The significant increase in hardwood lumber exports to China from 2002 - 2017 is depicted in Figure 4 by the area under the red line (the black line indicates total hardwood lumber exports). Beginning in 2018, the decline in hardwood exports to countries other than China is represented by the area between the black and red lines.

HW_2019_9

Figure 5 includes the same information that is graphically presented in an altered order to better illustrate the regional trends. Total hardwood lumber exports from the Central, Northeast and South regions have increased while those from the West have declined.

HW_2019_10

 

Figure 6 is a better representation of hardwood lumber export trends to China compared to exports to other countries. In 2002, exports to China were only a small portion that gradually climbed until 2009 when hardwood lumber exports increased rapidly and reached half of total shipments by 2011. The precipitous climb lasted until the peak in 2017. However, hardwood lumber exports to China and other destinations have fallen off significantly in the last two years, though the decrease in exports to China is more pronounced.

HW_2019_11

Conclusion & Outlook

While our first analysis of hardwood exports concentrated on the Northeast and the four Appalachian states due to the increased demand occurring at that time, the new analysis uncovers some noteworthy findings.

  • The visual data in this report illustrate that the South makes up a significant portion of the American hardwood export market, especially for lumber. Since peaking in 2017, hardwood lumber exports have decreased more rapidly than have hardwood log exports.

  • China’s large influence on the hardwood export market has been progressive over the study period and became particularly pronounced in 2011. The trend reversal in 2018 and the decreases in both hardwood log and lumber exports to China are noteworthy. The ongoing trade dispute and tariffs have played a large part in this trend reversal, particularly in 2019. China’s economy is slowing, however, which could impact future American hardwood demand.

  • Hardwood exports to destinations other than China have largely followed a similar trend, though the decreases have been less dramatic. This suggests some relative softness in the global hardwood market, which will create challenges for exporters seeking to better compete in existing markets or enter new markets.

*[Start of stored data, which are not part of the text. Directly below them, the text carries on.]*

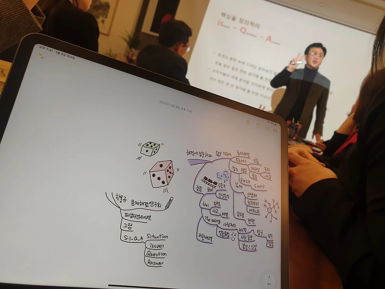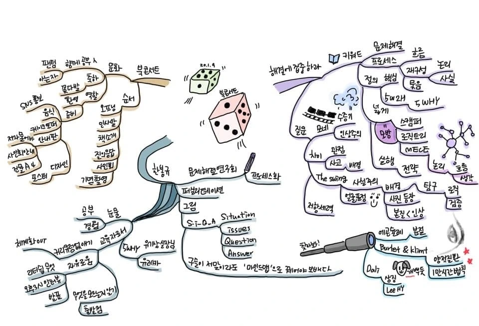 #해결에집중하라 북콘서트가 있었던 날(9일,목요일) 마인드맵 오소희 대표께서 찍은 강의 사진 입니다. 한 문장이 끝날 때 마다 모든 것이 마인드 맵으로 정리하는 초능력, 그래서 ‘구슬이 서말여도 마인드맵으로 정리해야 보배!’라는 말이 있는가 봅니다.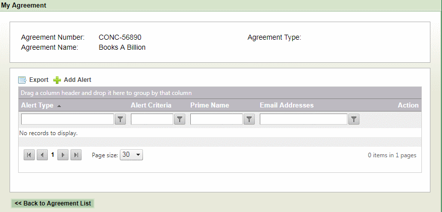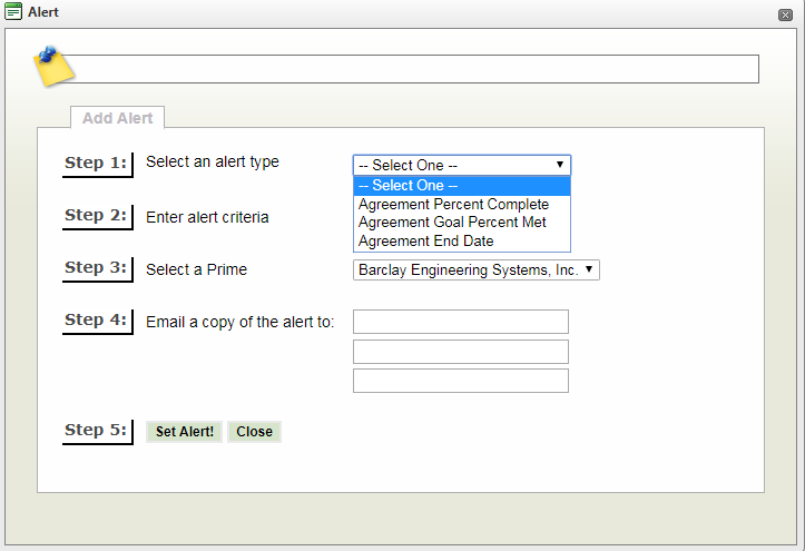Alerts are another way to keep a constant handle on the status of your agreements. They allow you to set up alerts for PRISM to email you when certain conditions about your agreement are met. The Concessions alerts section is accessed from the Small Hamburger Menu menu through the "Alerts" option.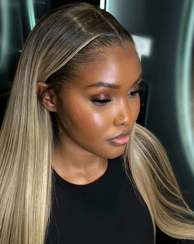 Ash Blonde Wigs with Dark Roots / Perruques Blonde Cendrée avec Racines Foncées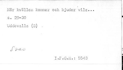 //// I //// När kvällen kommer och bjuder vila... //// s. 29-30 s //// Uddevalla (B) ¦ //// I .F .G.Ii.: 5543 I ////

  • If a long-term trade deal with China is reached in the coming months, we expect to see a significant rebound in American hardwood exports. While it will take time to see a trend reversal play out in both the supply chain and the export data, the US hardwood industry is positioned to react quickly to market signals.

Most importantly, this analysis should help to alleviate some of the concern that many hardwood producers have about the long-term state of the market. While certain regions have fared better than others during the face-off with China, the data above illustrates that hardwood log and lumber exports are still high compared to recent history. We are not even two years removed from the high point of 2017, which makes the current decline seem all the more pointed. However, the export volumes of both hardwood logs and lumber have soared over the last 17 years, and they are still significantly higher in 2019 than they were 10+ years ago.

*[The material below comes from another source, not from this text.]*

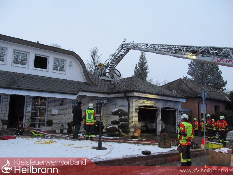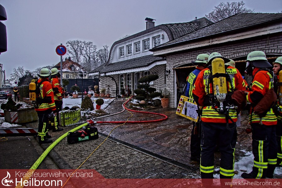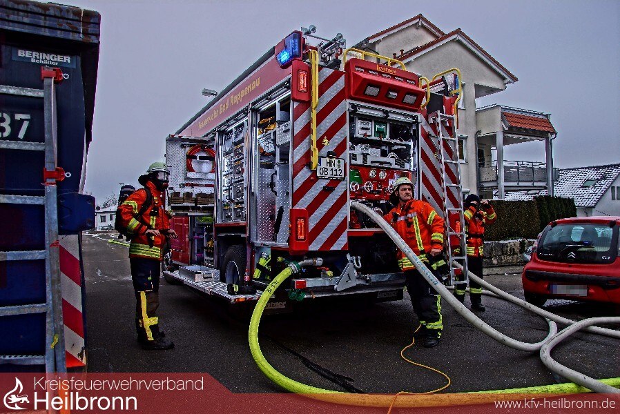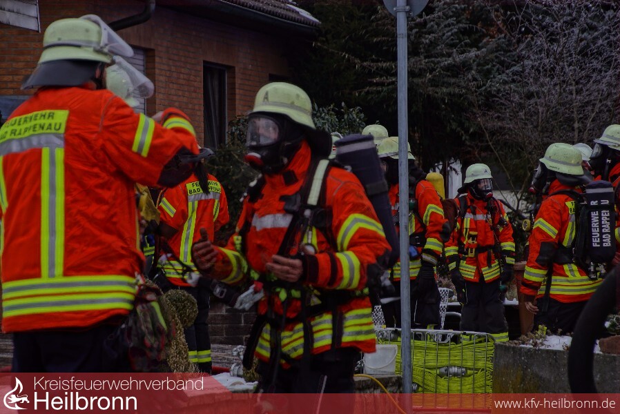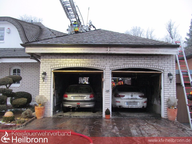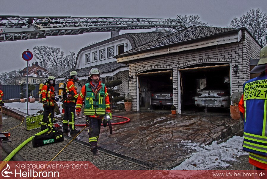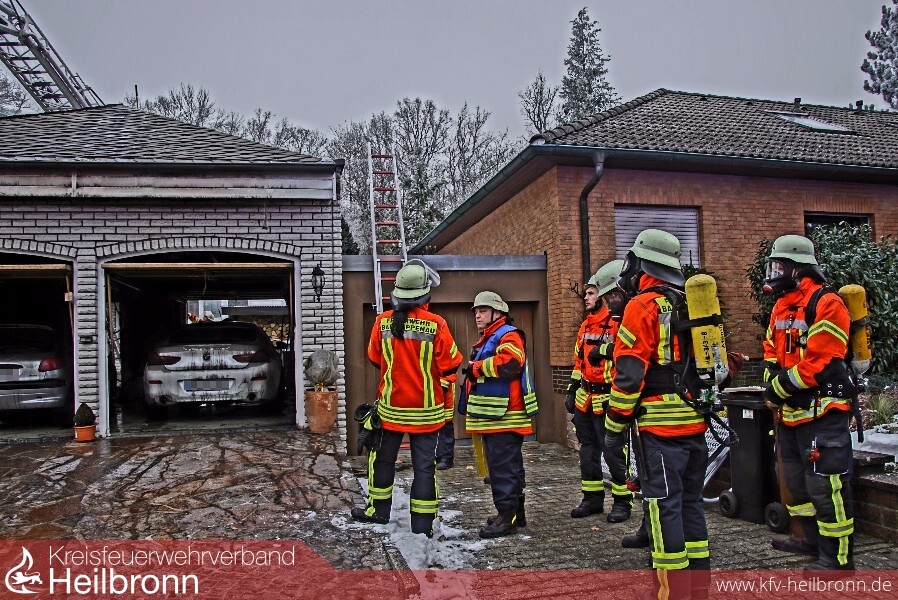 Zu einem Brand in einer Garage wurde die Abteilung Bad Rappenau um 15:18 Uhr alarmiert. Beim Eintreffen der Feuerwehr brannte es in und neben einer Doppelgarage. Der Brand hatte bereits auf die Dachkonstruktion des direkt angrenzenden Wohnhaus übergegriffen. Die Bewohner hatten das Gebäude bereits verlassen. Durch den Einsatzleiter wurden daraufhin die Abteilungen Fürfeld und Bonfeld sowie der ELW 1 aus Heinsheim alarmiert. Der erste Angriff wurde durch das Wohnhaus hindurch an der Garagenrückseite mit einem C-Rohr vorgetragen. Das 1. Obergeschoss war bereits stark verraucht. Hier wurde ein weiterer Trupp zur Brandbekämpfung eingesetzt. Über die Drehleiter wurden mit einer Rettungssäge sofort die betroffenen Dachflächen geöffnet. Durch das schnelle, energische und gezielte Vorgehen konnte der Brand schnell unter Kontrolle gebracht werden und weiterer Schaden verhindert werden. Nur wenige Minuten später wäre der Dachstuhl des Wohnhauses in Flammen gestanden. Ein auf der Straße abgestellter Container stand direkt auf einem Unterflurhydrant, dies verzögerte den Aufbau der Wasserversorgung erheblich. Zum Öffnen der Verkleidungen inner- und außerhalb des Gebäudes mussten mehrere Trupps unter Pressluftatmer eingesetzt werden. Das Einfamilienhaus wurde mit Elektrolüftern entraucht. Mit einem Mehrgasmessgerät wurden die Kohlenstoffmonoxidkonzentrationen in den Räumen gemessen.

Certainty remains in short supply these days but on this point, I am certain: The US is home to the most abundant, sustainable supply of high-value, top-quality and diverse hardwood products in the world. While the industry is not immune to market fluctuations, demand for American hardwoods remains strong. The data in this analysis suggests there is every reason to believe that a lift in demand will return once a long-term trade solution is reached, providing a level of assurance to the market.

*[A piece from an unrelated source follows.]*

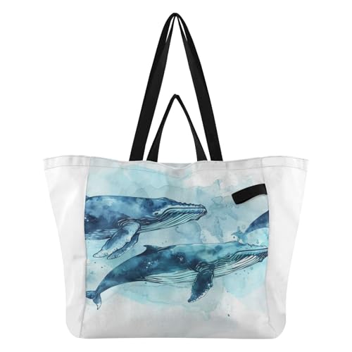 Whales Light Blue Watercolor Style Large Canvas Tote Trendy Kitchen Grocery Bags Everything Bag for Women Wedding Party,Travel,Laundry Bolsa aldo para Mujer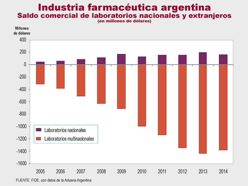 Cabe destacar que la industria farmacéutica argentina es un sector relevante, dinámico e innovador dentro de la industria manufacturera del país: alcanzó al 6,4% del valor agregado de estas actividades en el 2014, registrando un crecimiento anual acumulativo de 6% en unidades y de 11,5% en dólares entre los años 2003 y 2014. Esta dinámica se explica, en gran medida, por la expansión de la demanda de medicamentos en el contexto de una ampliación de la cobertura del sistema de salud a través de la recuperación de los presupuestos de las obras sociales y de programas públicos de salud de amplio alcance, como es el de la extensión del calendario de vacunas.

Note: Short ton is the reported measurement unit used in the US Census Bureau data base. However, hardwoods are generally measured in terms of board feet. As rough approximations to board feet, logs can be converted using 6.5 ton/mbf and lumber using 1.67 ton/mbf. Using those factors for the 2017 peaks would place hardwood log exports at slightly over 275 million board feet and hardwood lumber at about 1.73 billion board feet.